グラン・エシェゾー/Grands Échézeaux

クロ・ド・ヴージョに隣接する特級畑。エシェゾーよりも構造が大きく、骨格のしっかりした赤を生む。若いうちは硬さを見せることもあるが、熟成によって黒系果実、スパイス、革、森の下草の複雑な香りを開かせる。

エシェゾー/Échézeaux

グラン・エシェゾーより広い特級畑で、区画ごとの差が大きい。DRCのエシェゾーは、グラン・エシェゾーに比べると軽やかでしなやか、赤系果実やすみれ、紅茶葉を思わせる香りを備える。DRCの中では比較的早く開きやすい銘柄とされるが、品格は明確に特級の水準にある。

モンラッシェ/Montrachet

ピュリニー・モンラッシェとシャサーニュ・モンラッシェにまたがる、世界最高峰の辛口白ワインの特級畑。DRCの所有区画は約0.67〜0.68ヘクタールと小さく、生産量はごく僅かである。
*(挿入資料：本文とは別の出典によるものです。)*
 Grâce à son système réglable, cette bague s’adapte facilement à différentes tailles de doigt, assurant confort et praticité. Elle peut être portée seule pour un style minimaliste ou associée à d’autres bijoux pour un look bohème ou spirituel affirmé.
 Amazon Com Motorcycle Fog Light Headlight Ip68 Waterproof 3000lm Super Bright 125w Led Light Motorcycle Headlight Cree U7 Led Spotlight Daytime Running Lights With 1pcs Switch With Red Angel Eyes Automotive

蜂蜜、ヘーゼルナッツ、白桃、火打ち石、熟成による複雑な香りを備え、長期熟成によって真価を発揮する。

コルトン/Corton

2009年ヴィンテージからDRCが手掛ける赤の特級畑。アロース・コルトン周辺の区画を長期契約で耕作しており、レ・ブレッサンド、クロ・デュ・ロワ、レ・ルナルドなどの区画に由来する。ヴォーヌ・ロマネ系のワインとは異なり、より骨太で大地を感じさせる構造を持つ。
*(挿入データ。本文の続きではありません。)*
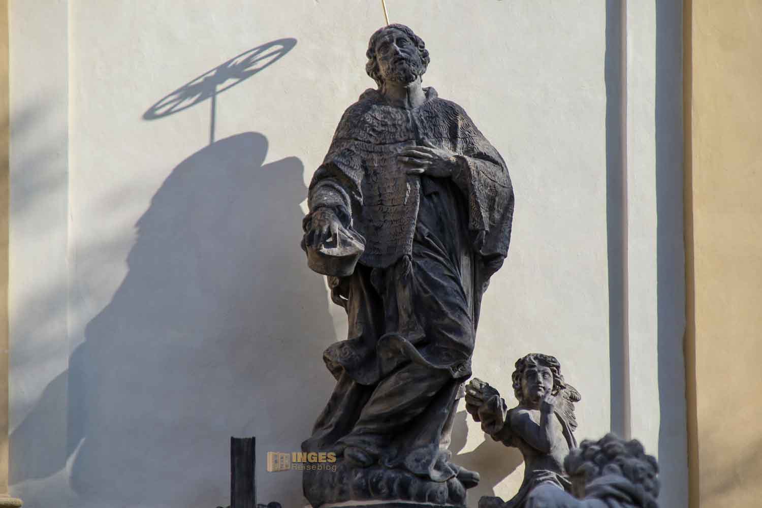 Viele der anderen 'Herrschaften' kommen mir bekannt vor - z.B. der hl. Franz v. Assisi, der hl. Antonius von Padua und er darf natürlich auch nicht fehlen: mein geliebter hl. Johannes Nepomuck. Ihn habe ich bei unserem Aufenthalt im Juni 2020 in mein Herz geschlossen und fand noch andere Verehrer von ihm in meinem Schwabenländle. In verschiedenen anderen Berichten hier auf dem Blog könnt ihr mehr über sein Leben und seinen Tod erfahren. Einige Statuen wurden vom Hofbildhauer Johann Friedrich Kohl geschaffen, von dem ihr weitere Statuen auf der Karlsbrücke bewundern könnt.

コルトン・シャルルマーニュ/Corton-Charlemagne

2019年ヴィンテージから加わったDRCの白ワイン。ドメーヌ・ボノー・デュ・マルトレイから賃借した区画を耕作して造られる。モンラッシェの豊満さに対し、コルトン・シャルルマーニュはより鋭いミネラル感、引き締まった酸、白い花や柑橘、火打ち石を思わせる緊張感を備える。

ヴォーヌ・ロマネ プルミエ・クリュ/Vosne-Romanée 1er Cru Cuvée Duvault-Blochet

特定の年にのみリリースされる希少なキュヴェ。グラン・クリュ由来の若樹、二番摘み、または一部の一級畑由来の葡萄を格下げして造られる。DRCのグラン・クリュほどの威厳や深さを求めるものではないが、ドメーヌのスタイルをより早い段階で楽しめる特別な銘柄である。

マール・ド・ブルゴーニュ/フィーヌ・ド・ブルゴーニュ/Marc de Bourgogne / Fine de Bourgogne

マールはワイン醸造後の葡萄の搾り粕を、フィーヌは澱を蒸留して造られるブルゴーニュの蒸留酒である。DRCのマールとフィーヌは生産量が少なく、長期熟成を経てリリースされる希少な存在である。ワインとは異なる形で、ドメーヌの果実、土壌、熟成の哲学を感じさせる逸品である。